Electrocoagulation process is often designed as a function of current density as the proportion current over the electrode surface (Hakizimana et al. 2017). Current density is an important factor because it determines the production rate of coagulation, bubble formation rate and hence of flocs (Naje et al. 2017). Experimental studies were carried out at fixed current density per electrode area at 5 mA/cm², which corresponded as currents value 50, 200 and 500 mA with electrode surface areas 10, 40 and 100 cm² respectively. It can be indicated from Fig. 16.4, at fixed current density as various currents system was different when currents increased from 50 to 500 mA with the area of 10 cm² and 100 cm² after 10 min, the color removal efficiency increased from 12.5% to 90.9%. Although the same value of current density per electrode area ratio, it seems that currents are an important factor affecting efficiency. Other studies the current density with constant electrodes area; CA of 5-20 mA/cm² observed an increase in dye removal efficiency up to 98.7% with an increasing CA (Abu Ghalwa and Saqer 2016). Another study, using CA in range 100–1200 mA/cm², the dye removal increased from 65% to 92% (acid black 52) and 97% (acid yellow 220) with an increasing CA of 10–40 mA/cm², but increasing CA up to 1200 mA/cm² no real difference (Pajootan et al. 2012). For CA was varied between 20.8–62.5 mA/cm². An increase in CA from 20.83 to 62.5 mA/cm² the color removal efficiency increased 78–93% when CA higher than 31.25 mA/cm² became a small difference curve (Merzouk et al. 2009). As a result, the CA corresponded to the currents value (I), which influent to electrocoagulation efficiency. When increased CA with electrodes area was constant, the current value was increasing. In other words, seems to currents the most influential to the EC system.

Fig. 16.4

Effect of current density on the color removal efficiency with Al electrodes. Electrodes gap 2 cm, Initial pH 4–4.3, I/A = 5 mA/cm²

16.4.4 Electrical Energy Consumption

Energy consumption regarding potential (Cell voltage; Volt), current (I; Amp), time of electrolysis and volume of dye solution that is calculated by Eq. 5. Table 16.2 represents the variation of electrical energy consumption with various electrodes areas (4–100 cm²), current 0.05, 0.3, and 0.5 A at the time of experiment 60 min. According to observation, the cell voltage decreases by increasing the electrode surface area due to constant current. When the electrode area increased from 4 to 100 cm² (I = 0.05A), cell voltage lower from 17.1 to 5.2 volts the electric energy consumption decreasing 427.5 to 130 KW hr/m³. As for current 0.3–0.5 A the cell voltage decreased 63.1 to 30.6 volts, with the energy consumption 15,755–7650 KW hr/m³.

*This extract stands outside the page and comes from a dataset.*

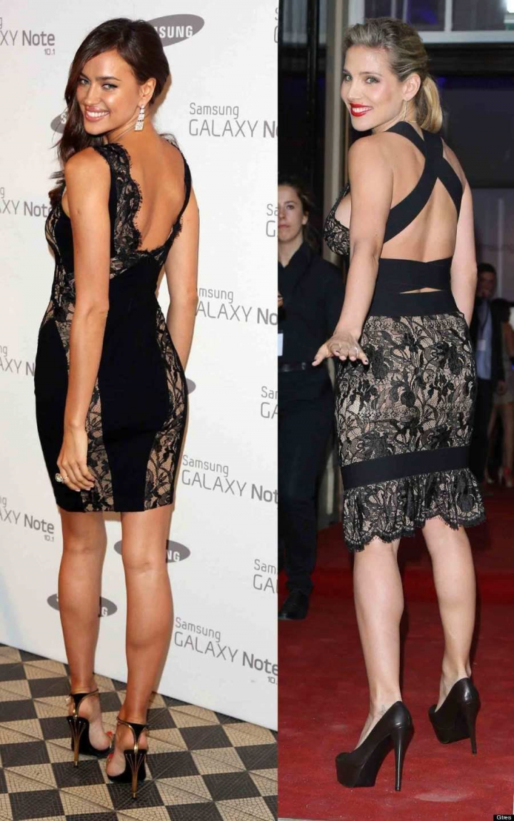 La actriz española Elsa Pataky y la modelo rusa Irina Shayk coincidieron ayer. Es decir, coincidieron en evento (la presentación del Samsung Galaxy Note 10.1 en Londres), vestido (modelos cortos de encaje negro) y pose (ambas son expertas en lanzar miradas a la cámara por encima de su espalda, lo que se ha acabado llamando de forma popular "hacer un pataky" en honor de la española).

In other words, at smaller electrode surface areas indeed to more potential to stabilize the current, it can be said the larger electrodes area has the least amount of energy consumption (Ahangarnokolaei et al. et al. 2018). Consequently, the electrocoagulation process design should be consider electrode surface areas.

16.5 Conclusion

Effect of current and electrodes surface area on color removal efficiency towards energy consumption with EC process using Al electrodes in the sacrificial anode and cathode with Acid red 114 dye solution. The result influent of current showed, the more color removal efficiency direct by increasing current. At the highest current 0.4–0.5 A, the color removal efficiency increases rapidly with a short time. As for the lower current 0.05–0.3 A, it required more time to achieve higher color removal efficiency and pH stabilize close 8–9. For the effect of electrodes area, it can be seen an increase in the electrodes surface areas was to increase the efficiency of color removal. Increase of current density per electrode area was correspond to increase removal efficiency The color removal efficiency indicate to depend on the current, not current density per electrode area. As for the effect of electrodes area, the smaller electrode surface areas need more voltage to stabilize the current. Consequently, the larger electrodes area uses less voltage towards reducing the amount of energy consumption. The results were concluded that both of current density and electrode area effect to electrocoagulation process. For future study will experiment to limit of electrode area in another material such iron electrode.